Senator Benjamin L. Cardin’s Statement:
“I am pleased that the Commission is now turning its focus to the nexus of energy and democracy. As the States of the Organization for Security and Cooperation in Europe (OSCE) pursue energy security, we must address why it is that so many of the resource-rich countries in the world are not democratic and whether development of both democracy and energy resources is an incompatible goal.
“In the search for energy security in the OSCE region and beyond, democracy is an important contributing factor. Endemic corruption is an impediment to democracy. Last year the OSCE Parliamentary Assembly adopted a resolution I authored on limiting immunity for parliamentarians in order to strengthen good governance, public integrity and the rule of law in the OSCE region.
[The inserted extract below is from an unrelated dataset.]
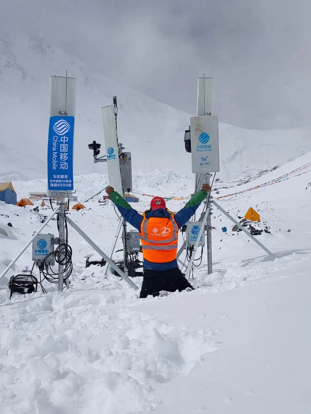 ▲2020年4月,中国移动在西藏珠峰6500米前进营地,开通全球海拔最高的5G基站,确保珠峰峰顶5G信号覆盖。2020珠峰高程测量登山队登顶测量的高清视频画面通过5G网络与全世界实时共享。

Just recently Chairman Hastings and I met with the President of Ukraine who told us that this was one of the first things he would like to see accomplished once a new parliament is elected this September. This is an important step forward for Ukraine.
“Broad immunity for parliamentarians can serve as a cover for corruption. I believe that good governance is the key to a properly functioning democracy. In many of the oil-exporting states, corruption and kleptocracy have become the norm and prevent democratic ideals from flourishing. The United States must consider the impact of its dependence on these types of states for energy security.
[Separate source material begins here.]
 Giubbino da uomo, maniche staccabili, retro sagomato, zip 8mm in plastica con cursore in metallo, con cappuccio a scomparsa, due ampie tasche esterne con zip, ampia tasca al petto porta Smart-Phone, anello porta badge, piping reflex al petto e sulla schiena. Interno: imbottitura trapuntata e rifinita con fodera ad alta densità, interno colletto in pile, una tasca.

“Countries that are mired in corruption are not reliable sources of energy. According to Transparency International, six of the top ten oil-exporting countries to the United States are among the most corrupt countries in the world. A lack of transparency within governments and the energy sector poses both a threat to energy exports and the ability of governments to properly manage revenue for their citizens. These governments are not accountable to their citizens and have taken advantage of the resources of the nation in pursuit of the self-interest of a few corrupt leaders. The result has been increasing political instability, and in some cases violent attacks on pipelines and refineries.
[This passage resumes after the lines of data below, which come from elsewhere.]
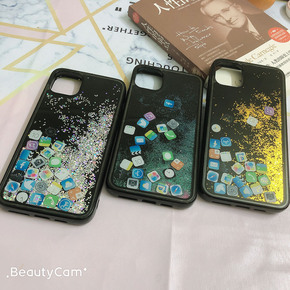 适用苹果xsmax手机壳潮女卡通化妆品漂浮流沙粉6...
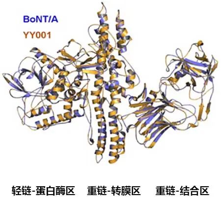 ▲YY001与天然A型肉毒毒素分子立体结构的同源模拟分析
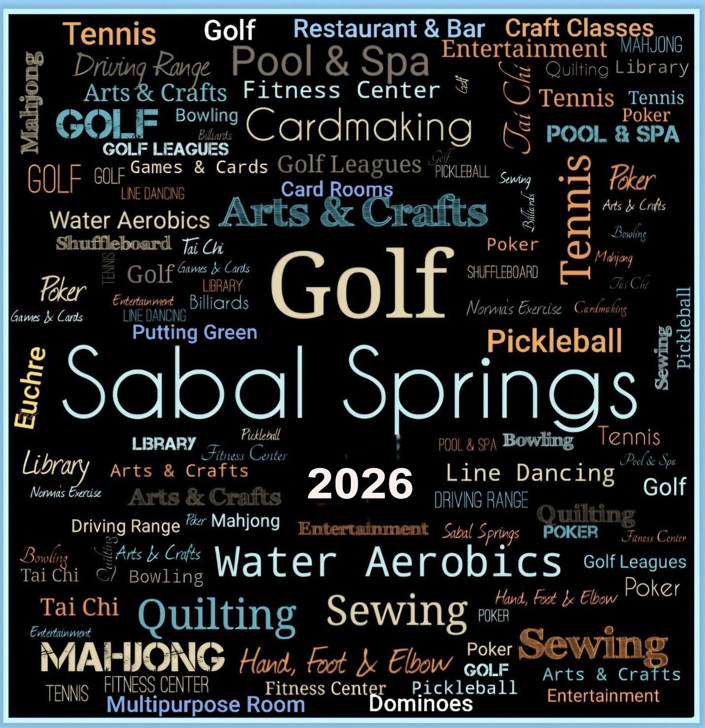 In Sabal Springs, there’s something for everyone. From golf and tennis to card making and arts & crafts, from Tai Chi and Aquacise to cards and Maj Jongg; from the updated library and monthly book club to comedy shows and live musical entertainment to corn hole and shuffleboard. From Sunday Funday to Bingo and little bit of everything in between. There are more activities offered than can fit on the calendar. Enjoy them all and everything Sabal Springs has to offer. Make new friends, learn a new skill, keep that body and mind sharp. Thanks to Susan Costa and other Sabal Springs’ residents for the photos used on this month’s cover.
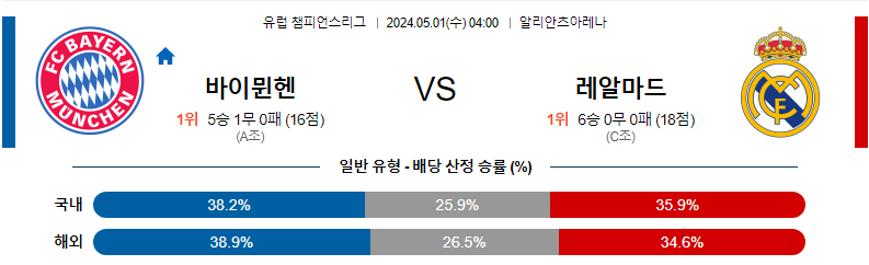 [킹콩티비] 05월 01일 바이에른뮌헨 vs 레알마드리드 챔피언스리그 생중계, 스포츠분석,스포츠중계

“Not only does political instability threaten the physical ability to export oil and gas, but it also has created a poor investment climate. If we are to support development of energy resources, U.S. policy should certainly take into account the investment incentives in these countries. Corruption not only weakens those incentives, but also prevents those investments from producing real results in terms of security of supply. There is clearly a positive link between development of democracy and development of energy resources, which can be seen in some of the recent improvements to both in countries such as Azerbaijan. Additional steps are absolutely necessary to increase transparency in oil-exporting governments, but initiatives such as the “Extractive Industries Transparency Initiative,” and “Publish What You Pay,” are moves in the right direction and need U.S. support.
“In order to achieve energy security, not only must we work towards our own energy independence, for which I have introduced legislation, but we must also ensure that the countries from which we import oil and gas are reliable sources. Combating corruption and increasing transparency are part of the process of democratic development and must be supported by U.S. policy if we are to attain long term energy security,” said Cardin.
The Commission on Security and Cooperation in Europe, also known as the Helsinki Commission, is a U.S. Government agency that monitors progress in the implementation of the provisions of the 1975 Helsinki Accords. The Commission consists of nine members from the United States Senate, nine from the House of Representatives, and one member each from the Departments of State, Defense and Commerce.